Patents for telepresnce-related gadgets

[From Computerworld]

Gadget Patents That We Hope Will Turn Into Real Products

Harry McCracken
IDG News Service

Gadget patents can change the world, as everyone from Alexander Graham Bell to Steve Jobs has proved. Some of our favorite gadget-related patents, however, are for technologies and products that haven’t changed much of anything–at least not yet.

Here are ten intriguing examples, including ones from both famously inventive companies and lone geniuses. We’re not saying that any of them are a catchy ad campaign away from becoming history-making breakthroughs–though one or two might stand a chance. We just like them. And if they ever amount to anything, we’ll be first in line to try out the resulting products.


No Glasses Required

We’re pretty sure that this exceedingly cool Apple patent hasn’t popped up in a Mac, iPod, or iPhone yet: It’s for a three-dimensional projection system that doesn’t make you don special eyewear. How does it work? A powerful computer projects two images–one for your left eye, and one for your right eye–onto a screen that’s actually a “programmable mirror.” All the while, a 3D imager keeps track of your head position, helping the computer and mirrored screen optimize the projected image for clarity and realism.

Here’s hoping that the technology comes to market someday–and that Apple unveils it with a launch event featuring an insanely lifelike holographic Steve Jobs.

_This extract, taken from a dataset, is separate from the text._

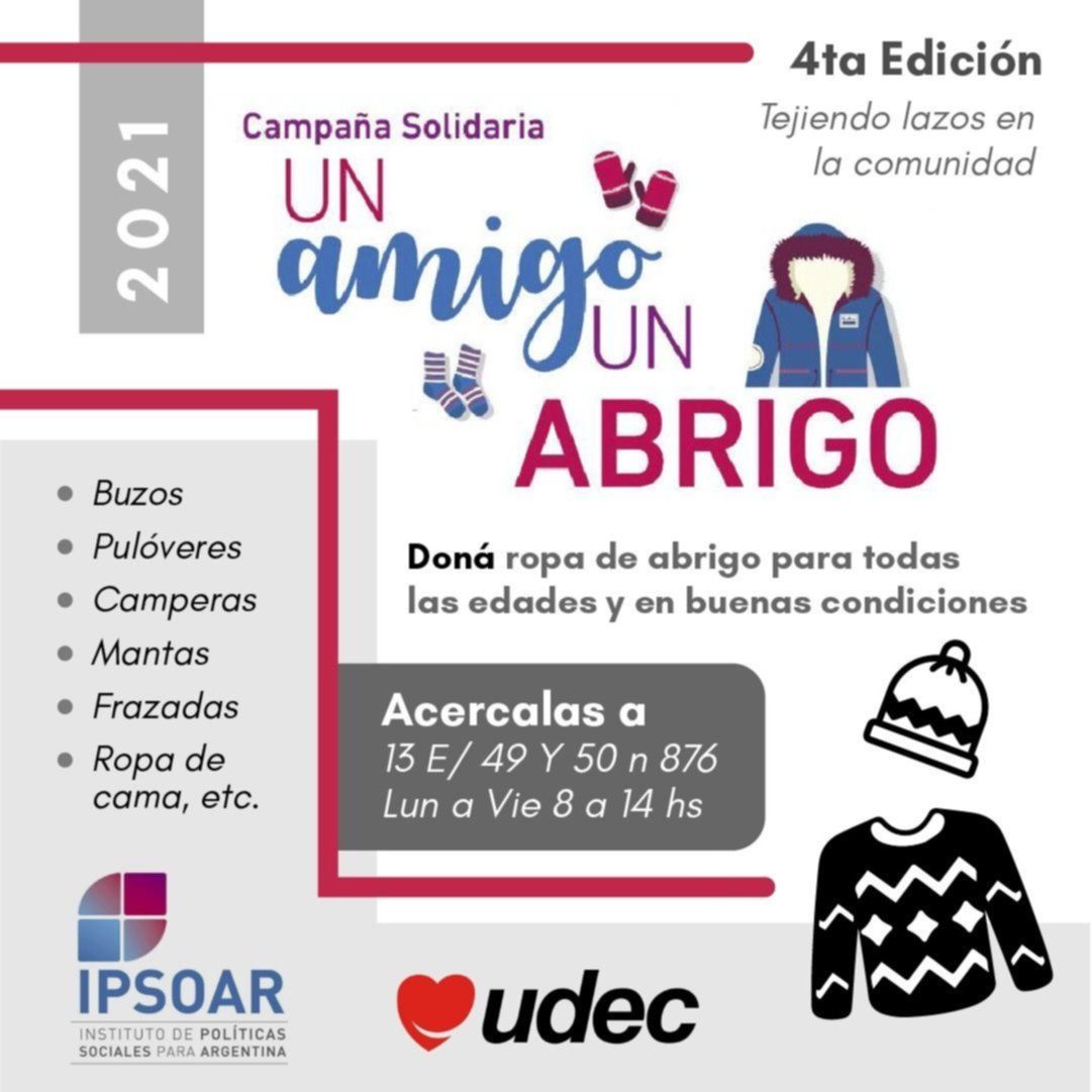 El Grupo UDEC se sumó y lanzó la campaña “Un amigo, un abrigo”, una reconocida colecta que se realiza durante esta época para hacerle frente al frío crudo del invierno y con la intención de contribuir con los que menos tienen.

Heckler’s Delight [see image above]

For centuries, audiences have shown their contempt for lackluster entertainment by booing, hissing, or (in Europe) whistling. This Sony patent–eerily reminiscent of cult TV show Mystery Science Theater 3000–harnesses a technology that lets unhappy campers go a lot further. Using a game controller, they can send avatars right into a movie or TV show to fling rotten tomatoes at the actors–or even give them a swift kick.

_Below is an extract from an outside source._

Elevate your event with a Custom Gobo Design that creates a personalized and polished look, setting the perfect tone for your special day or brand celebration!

Admittedly, videos must be specially prepared by their producers to make all this possible. But it’s not as though studios and networks are funneling so much money into scripts these days that there’s nothing left for CGI. And if you ask us, Rob Schneider should never be allowed to make another film without this technology in place.

It’s Odorific!

Back in 1959 and 1960, competing technologies called AromaRama and Smell-O-Vision invited moviegoers to use their sense of smell to experience everything from pipe tobacco to exploding firecrackers. Then the idea went away (save for John Waters’ brief fling with “Odorama” in his 1981 film Polyester). But with 3D back in theaters and booming, why not give odor-based entertainment another chance? IBM’s “Computer Controlled Olfactory Mixer and Dispenser” uses cassettes filled with fragrances, mixing their contents together like ink from inkjet cartridges to produce an array of scents to accompany multimedia presentations. It’s a far cry from scratch-and-sniff cards.

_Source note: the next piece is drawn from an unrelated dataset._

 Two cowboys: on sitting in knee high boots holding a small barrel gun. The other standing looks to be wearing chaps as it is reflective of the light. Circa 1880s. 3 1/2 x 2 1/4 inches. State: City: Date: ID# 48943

The patent shows cassettes with (relatively) uncontroversial fragrances such as banana, almond, and vanilla. But if you ask us, the gent depicted in this drawing just caught a whiff of something slightly gamy.

Getting All Emotional

Various digital cameras now incorporate smile-detection technology. Controller-free gesture detection is coming soon to a game console near you. Sony’s emotion-detecting patent combines aspects of both ideas, using a Webcam and a microphone to help your PlayStation 3 determine whether you’re busting a gut with laughter, seething with anger, or half-dozing with ennui.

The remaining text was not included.